Cross-Modal Abstraction and Selection Pressures in the Evolution of Language

The question of the origin of language has fascinated scientists and philosophers for centuries. Speculation has ranged from “divine intervention” to human invention to Darwinian accounts of the emergence of language (Donald, 1991). In fact, the speculation was so rampant that in the 1860’s, several scientific societies banned the publication of papers on the topic (Holden, 2004). Though recent research has focused on evolution as the driving force in the emergence of language, the view that language is not the product of natural selection has been put forth (Chomsky, 1972). The present discussion considers some of the evolutionary mechanisms and selection pressures that might have resulted in the emergence of language.

Cross-Modal Abstraction and Language

Although it has been suggested that language ability arose merely as a byproduct of other cognitive adaptations, it appears likely that language was a specific target of natural selection (Pinker & Bloom, 1990). This is not to say that general cognitive abilities are not necessary for language, only that they are not sufficient to account for linguistic ability. In fact, there is evidence that language ability can be disturbed without impairing other cognitive function (Donald, 1991).

One ability that has been suggested as a pre-requisite to language has been termed ‘cross-modal abstraction’ (Ramachandran & Hubbard, 2001). Essentially, this refers to the ability to make abstract associations between two different sensory modalities, such as vision and audition. People with a rare condition known as synesthesia, as well as some users of hallucinogenic drugs, report experiencing cross-modal interactions.

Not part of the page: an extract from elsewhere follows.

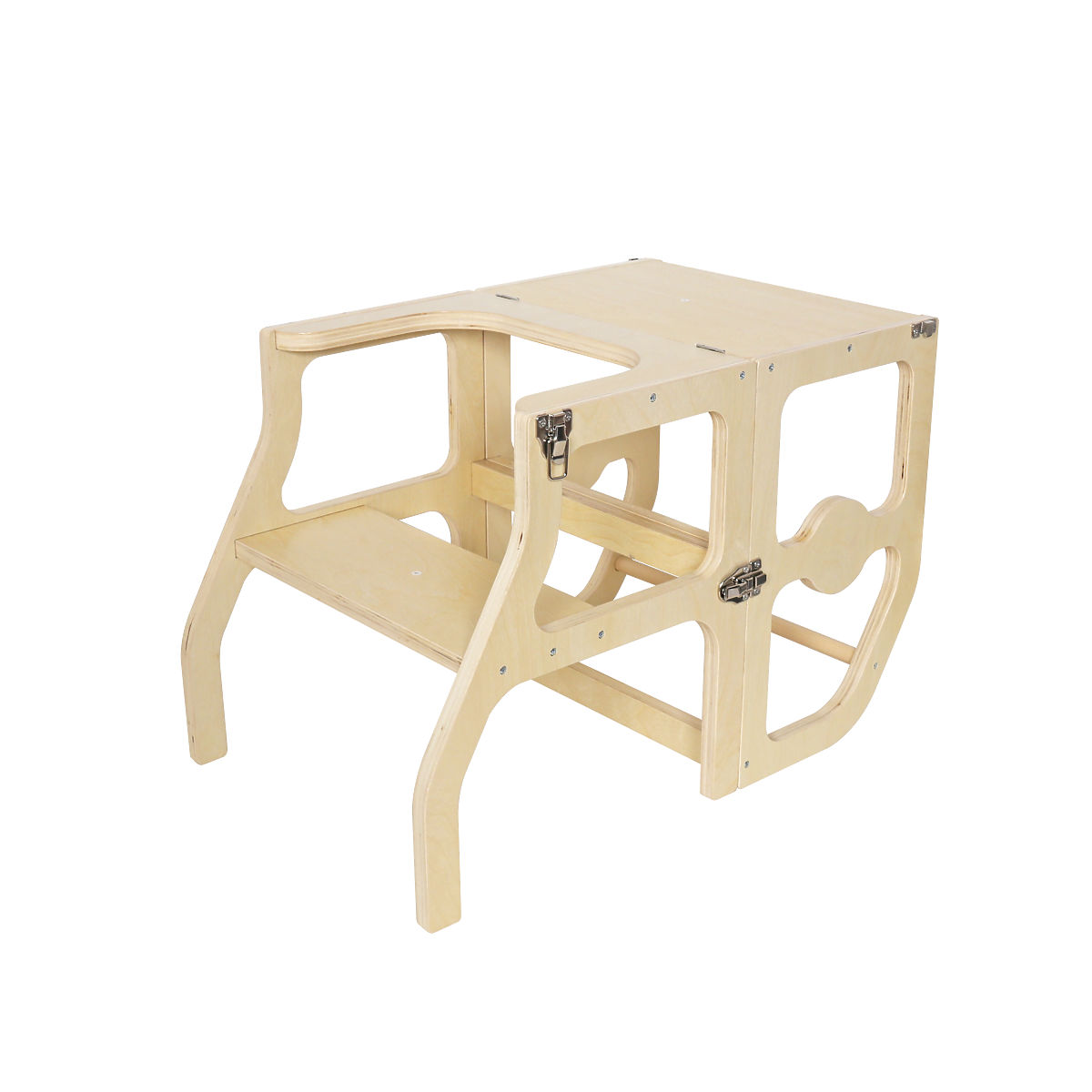 Skládací a ohýbatelná konstrukce: během okamžiku se promění z učící věže na stoleček se sedací plochou – ideální pro hraní, malování nebo svačinu.

Specifically, some synesthetes report actually seeing a particular color in response to specific musical notes. Others report that each number is a particular color. For example, the number 5 might be red, and the number 2 green and so forth. The ability to make abstract associations between senses has also been demonstrated in people without synesthesia, however they do not actually physically experience the sensation as in synesthesia.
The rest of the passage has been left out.